J’aimerais beaucoup faire ce projet avec d’autres musicien(ne)s/chanteurs, chanteuses ! En tout cas, ajouter un rythme (batterie/cajun) et une basse pourrait apporter énormément au projet. Dans ce nouvel album, il y a aussi quelques parties avec du piano ou une deuxième guitare. Cela donne tout de suite une ampleur différente aux morceaux, donc ça me plairait aussi ! Et pourquoi pas un triangle et un joueur de sifflet pour garder le rythme et siffler la fin du concert, haha ! (Rires)

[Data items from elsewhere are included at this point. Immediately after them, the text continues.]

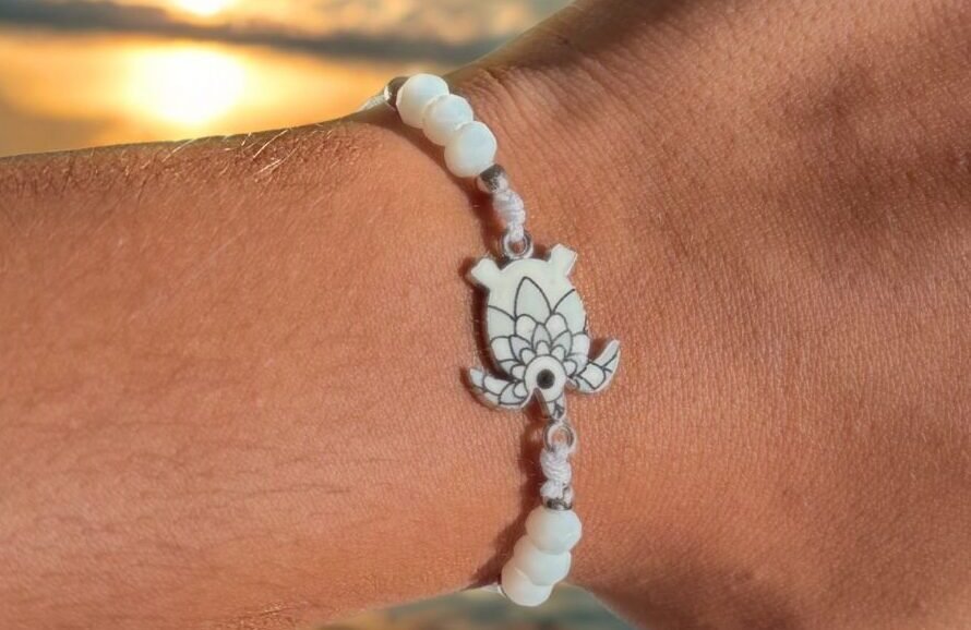 يتميز السوار بـخرزات بيضاء ناصعة ذات لمعة لؤلؤية، تضفي عليه مظهرًا ناعمًا ومشرقًا يذكر بالرمال البيضاء أو أصداف البحر. القطعة المركزية هي تعليقة سلحفاة بحرية فضية اللون، مطلية بـالمينا الأبيض والأسود بنمط زهري/هندسي دقيق وجذاب. السلحفاة هي رمز لطول العمر والحماية والسلام، وتصميمها المحايد باللونين الأبيض والأسود يجعل السوار متعدد الاستخدامات.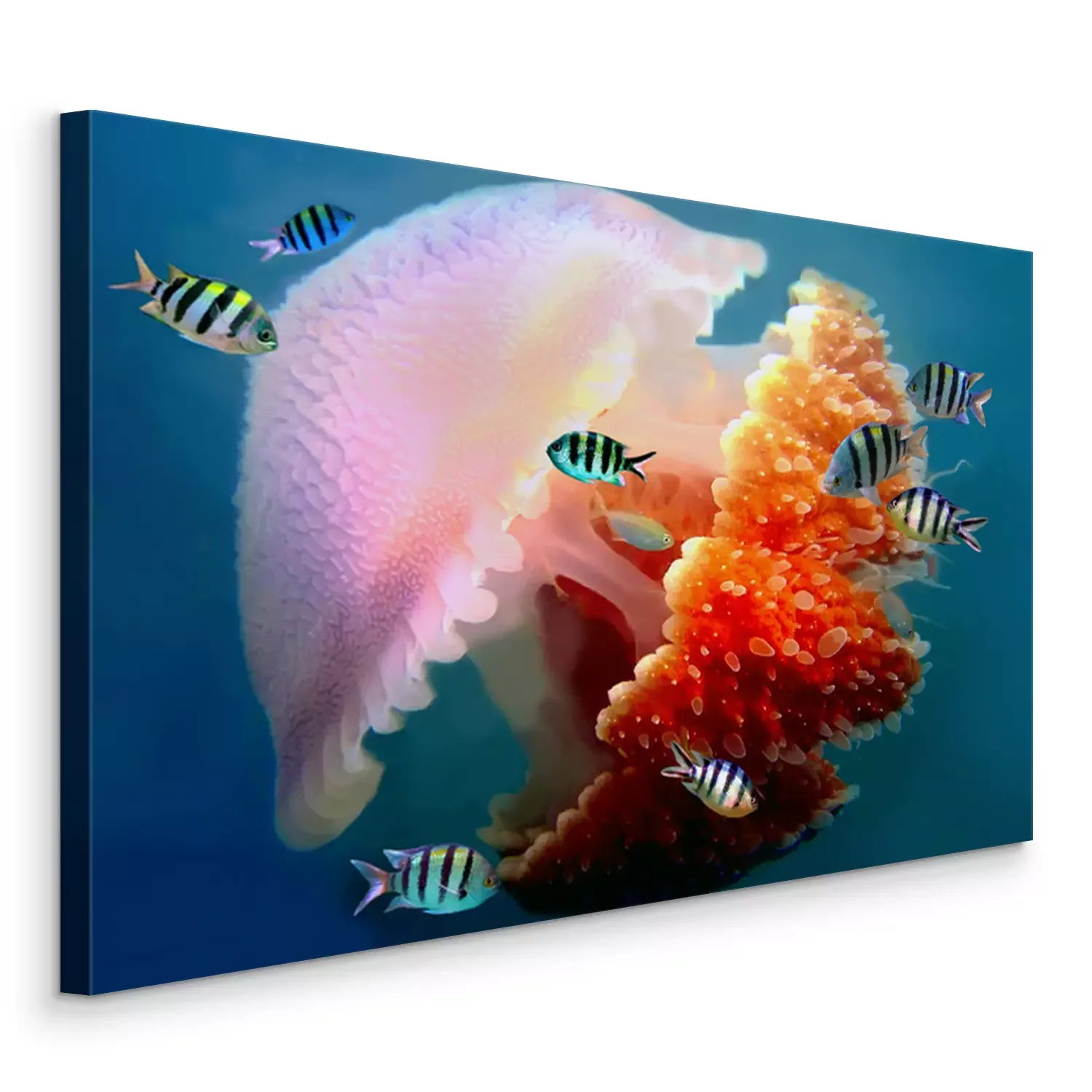 Tableau : géant méduses natation avec des tentacules suivantes sous l'eau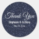 Faux bleu marine parties scintillant mariage merci étiquette. Le design présente une texture de parties scintillant bleu marine tendance, le texte "Merci", les noms de mariée et de mariée et la date du mariage.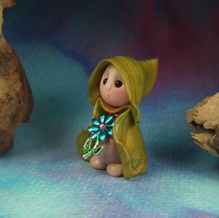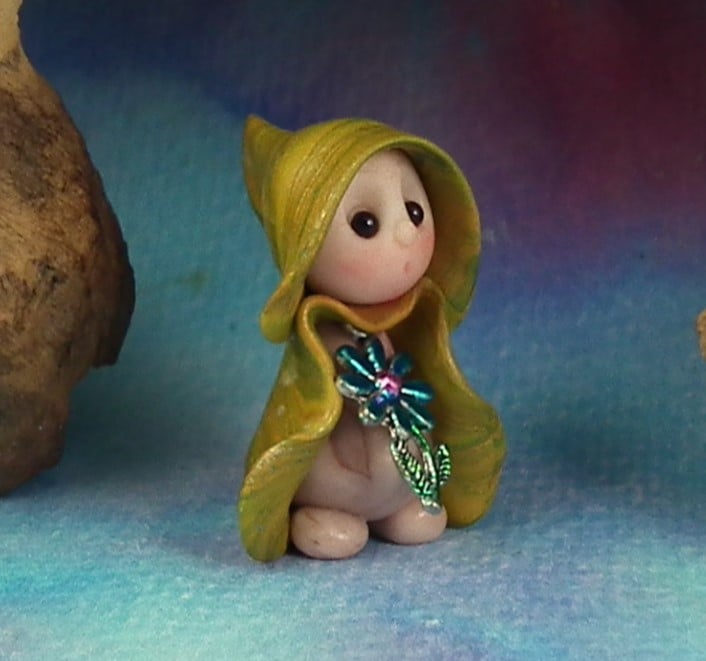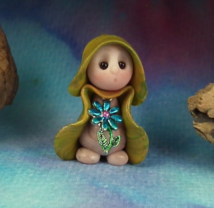 This is a 'one of a kind' creation having been entirely handmade without the use of moulds here at my studio on the Sussex Coast. Modelled with artist blend polymers, blushed before sealing with lacquer, Dorie has sparkling black onyx eyes and garden robes. Dorie the Garden Gnome is just one and a quarter inches tall.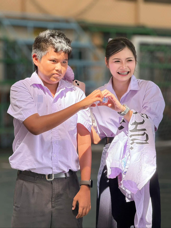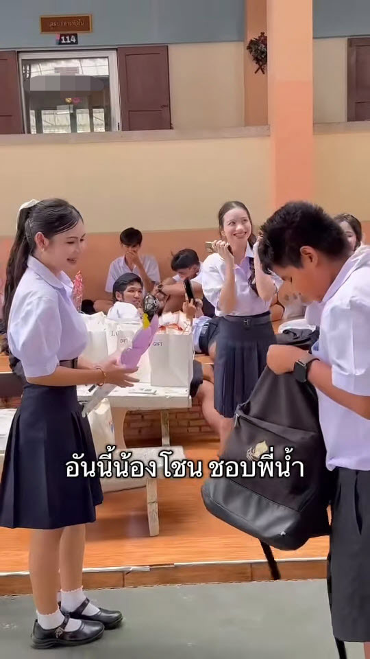 พร้อมกันนี้รุ่นพี่สาวยังเขียนข้อความเล่าความรู้สึกไว้ด้วยว่า "ดอกไม้คนแรกทุกงานเลยค่ะคนนี้ #พี่โชนกับน้องน้ำ น้อง ม.1 กับพี่ ม.6 เดี๋ยว 1 ปีจะกลับมาหาน้องดีไหมคะพี่ ๆ 5555"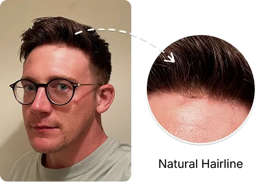 TP1802 Eros: 90% density with ultra-thin skin base, perfect for business or formal settings, offering an invisible hairline effect.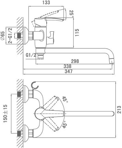 - настенный монтаж на два отверстия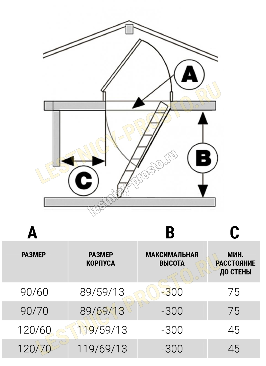 Чердачная ножничная лестница MINKA ELEGANCE 70×90 см, h-300 см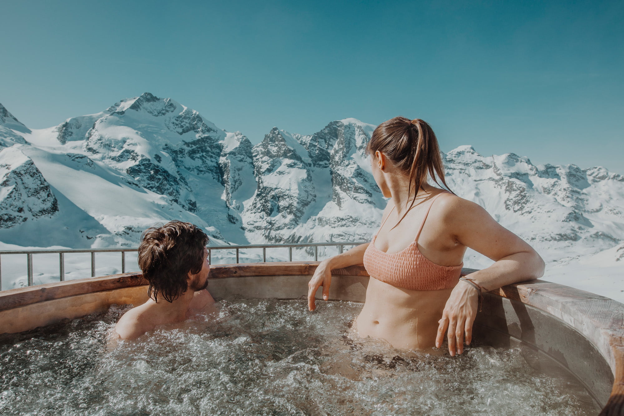 세계에서 가장 높은 자쿠지는 어떤가요? 스위스 디아볼레짜 산 꼭대기에 위치한 호텔 베르그하우스 디아볼레짜의 이야기입니다. 해발고도 3,000미터에 위치한 야외 자쿠지에서는 설산을 배경으로 목욕을 즐길 수 있습니다. 주변을 바라보는 것만으로 가와바타 야스나리의 <설국>에 들어온 듯한 체험을 할 수 있습니다.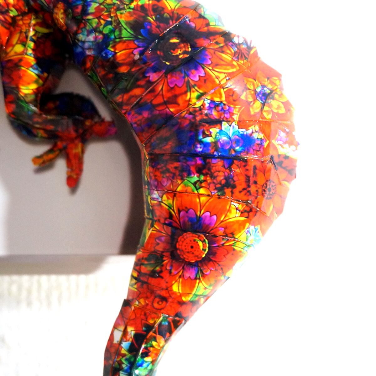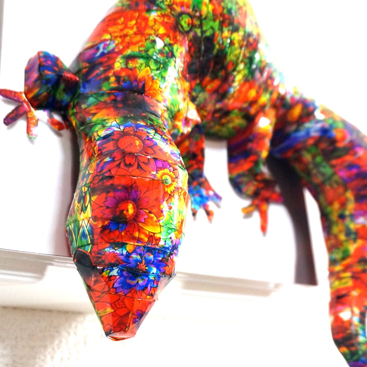 「こちらはトカゲのコラージュ画像を元にペーパークラフト技術を用いて立体的に表現した作品です。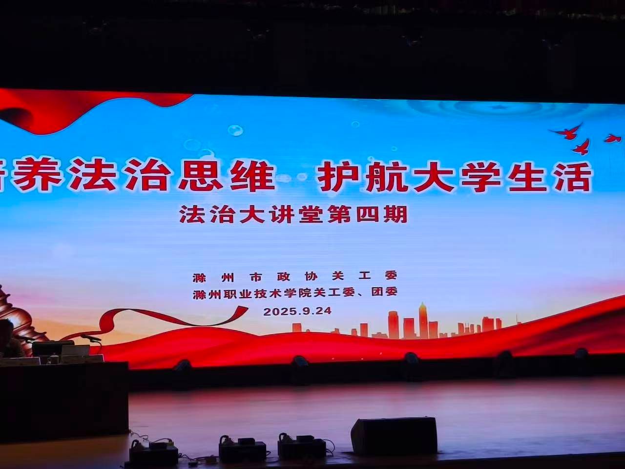 为提升学生法律认知与风险防范能力,9月24日下午15:00,滁州职业技术学院在大礼堂举办专题法制宣讲活动,邀请陈书记、杨书记、王宇处长出席,全院学生代表参会。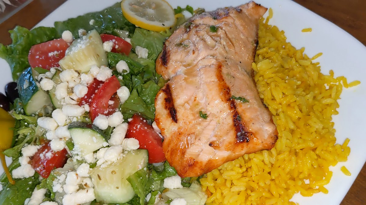 Salmon Lunch with Rice & Greek Salad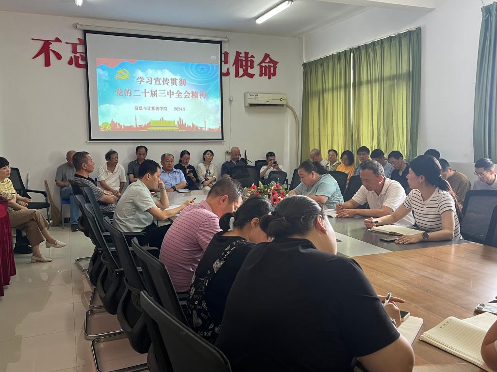 党的二十届三中全会报告再次强调教育、科技、人才是中国式现代化的基础性、战略性支撑。我院培养的是信息科技应用型人才,我们将紧紧围绕全会精神,结合学院实际,以更加坚定的信心、务实的作风和有力的举措,全面落实立德树人根本任务,大力弘扬教育家精神,五育融合,努力办好人民满意的教育。在党的坚强领导下,积极参与并推动中国式现代化的伟大征程,带领学院全体师生,紧跟时代步伐,不断开拓进取,健全党的制度建设,规范基层组织建设,加强具有创新实践能力的应用型人才培养,促进产教融合,建立就业体系,持续推进教育教学改革。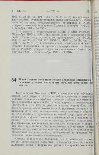 Постановление Совета Министров РСФСР. О повышении роли марксистско-ленинской социологии в решении узловых социальных проблем советского общества. 7 июля 1988 г. № 256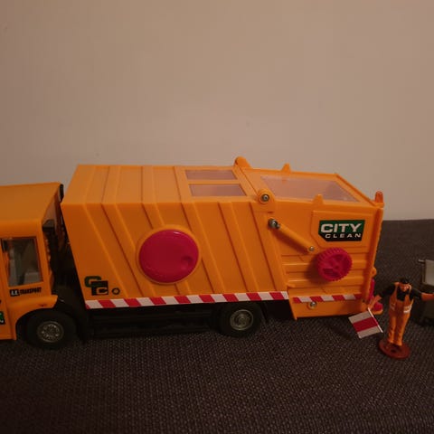 En stor sopbil från Dickie Toys med ljud & ljus som en sopbil med en soptunna till. Mått: 30x17 cm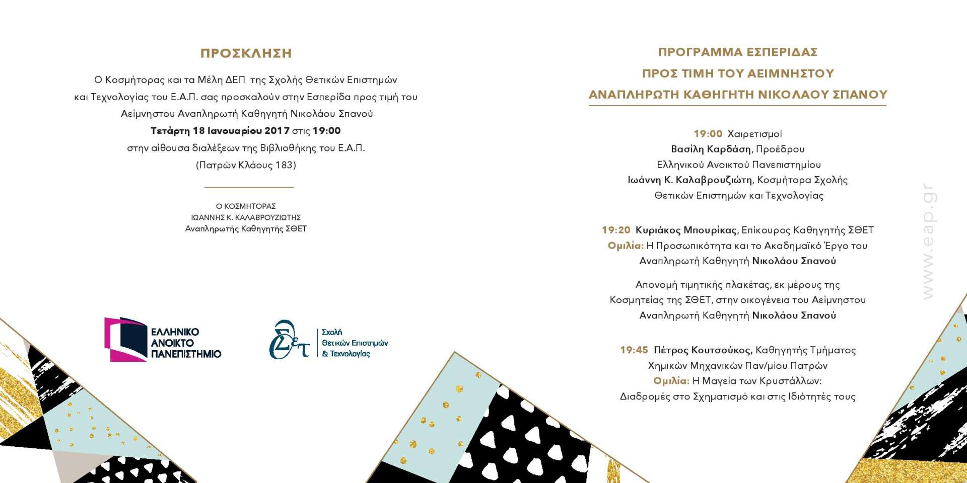 Ο Κοσμήτορας και τα Μέλη ΔΕΠ της Σχολής Θετικών Επιστημών & Τεχνολογίας, σας προσκαλούν στην Εσπερίδα προς τιμή του Αείμνηστου Αναπληρωτή Καθηγητή Νίκου Σπανού.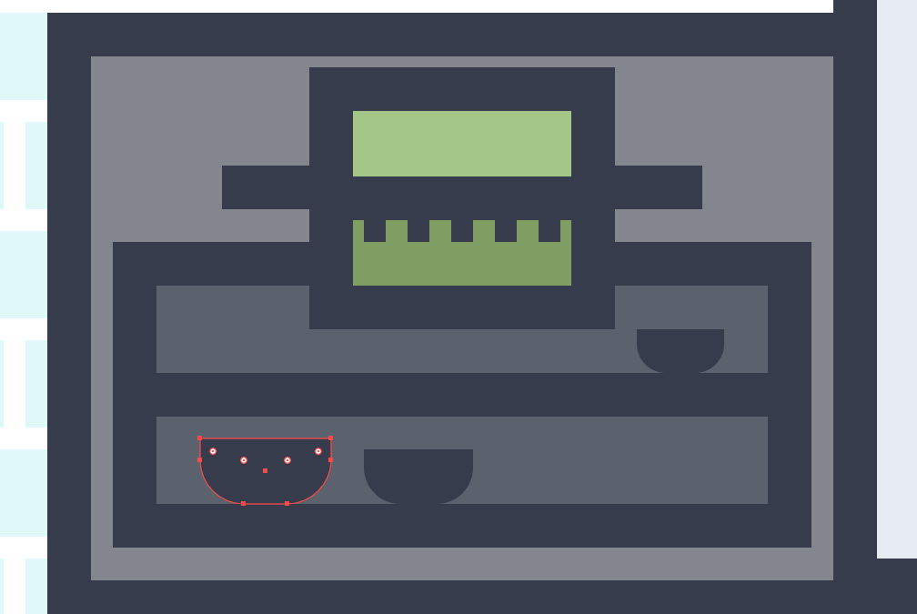 5.添加小碗:绘制三个矩形(12×6像素,10×6像素,10×4像素)颜色为#363C4C,然后将矩形的下面两个锚点调整为圆角半径4px,完成后将整个开放橱柜进行编组进入下一个部分的绘制。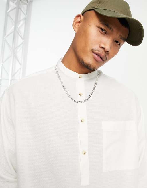 ASOS DESIGN - Camicia oversize squadrata in cotone con collo serafino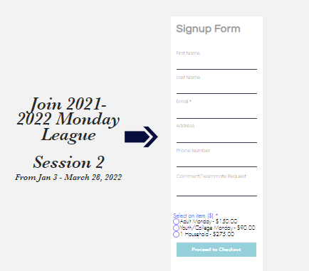 Registration is open until Dec 31st. It will then close so teams can be created and league play starts on January 6th and runs until March 28th. We will follow the currently format.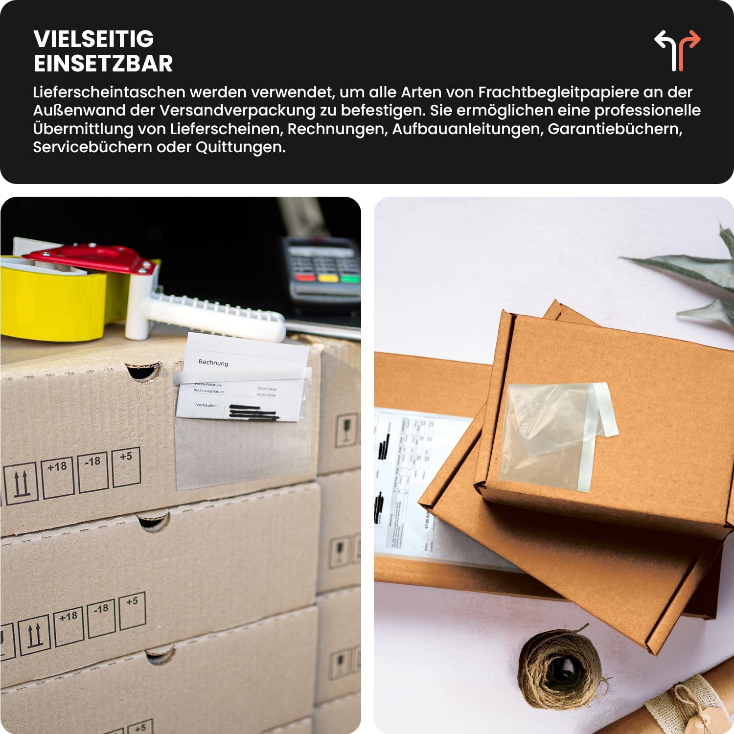 DIMENSIONE BUSTA – Sul nostro sito Amazon troverà buste portadocumenti trasparenti e rosse stampate in nero con il testo per documenti di consegna in diversi formati. Le buste portadocumenti DL sono adatte per documenti in formato DL (foglio A4 piegato in tre parti). PER VARI DOCUMENTI – Le buste portadocumenti per pacchi offrono la custodia ideale per tutti i tipi di documenti di trasporto: fatture, lettere di vettura, bolle di consegna, biglietti di consegna, bollettini di ritorno, polizze di carico, etichette di spedizione, note di spedizione, avvisi, istruzioni, licenze o comunicazioni. AFFIDABILI – Le buste portadocumenti rosse sono realizzati in pellicola LDPE durevole, che protegge i documenti di trasporto da sporco, umidità e danni meccanici. Garantiscono che i documenti non vengono persi durante il trasporto e raggiungano il destinatario. FACILE DA USARE – Sia il retro della busta spedizione che la linguetta di chiusura sono autoadesivi. Le strisce adesive facilmente rimovibili consentono una facile e veloce applicazione della tasca sulla confezione. Lo speciale adesivo garantisce una tenuta ottimale su tutte le superfici anche in condizioni difficili. DATI TECNICI – 50 buste portadocumenti formato DL, dimensioni esterne: 131 x 297 mm, dimensioni interne: 110 x 225 mm, finestra sul lato sinistro; stampa rossa/nera: fattura di consegna/packing Invoice, retro e linguetta di chiusura autoadesiva, realizzati in polietilene riciclabile ecologico; impermeabili.

Static Fence….pourquoi ce nom de scène ?

Très bonne question… Parce qu’il fallait choisir un nom unique pour se produire sur scène, peut-être. Je pense surtout que j’aimais bien le nom Static Fence parce que c’est un symbole assez fort. Si je caricature, cela reprend l’idée que certains obstacles, quelques soient ce que l’on entreprend, semblent infranchissables, à moins de réfléchir différemment. Si je donne un exemple, en musique, on peut facilement tomber dans le piège de jouer des schémas ou des suites de notes que l’on connait bien et que l’on a l’habitude de jouer. Mais pour évoluer et apprendre de nouvelles choses, c’est important de sortir de cette zone de confort quitte à faire des erreurs.

Que chercher-vous à transmettre au travers de votre musique ?

Je cherche à transmettre ma passion pour la musique. J’aurais pu faire de la musique avec un rythme générique et une mélodie toute faite comme on peut entendre assez facilement de nos jours. Mais la musique est un univers à part entière ! Il y a tellement de sonorités à découvrir que je trouve dommage de se limiter, de ne pas aller plus loin et tester de nouvelles choses.

D’ailleurs une amie n’aimait pas vraiment les dissonances dans certains de mes morceaux pendant l’enregistrement. Elle est revenue vers moi après avoir réécouter plusieurs fois l’album et avait changé d’avis. Avec une baguette magique, j’aimerais faire en sorte que tout le monde ait ce déclic mais il me manque encore le balai et les petites lunettes rondes !

Vos textes sont assez sombres. D’où puisez-vous l’inspiration ?

Je ne dirais pas que mes textes sont sombres. Je dirais plutôt qu’ils cherchent à faire ressortir des émotions vraies. Sans vouloir faire de la psychologie de comptoir, une émotion, ce n’est pas être que joyeux, que triste, etc. mais c’est un mélange de différents ressentiments !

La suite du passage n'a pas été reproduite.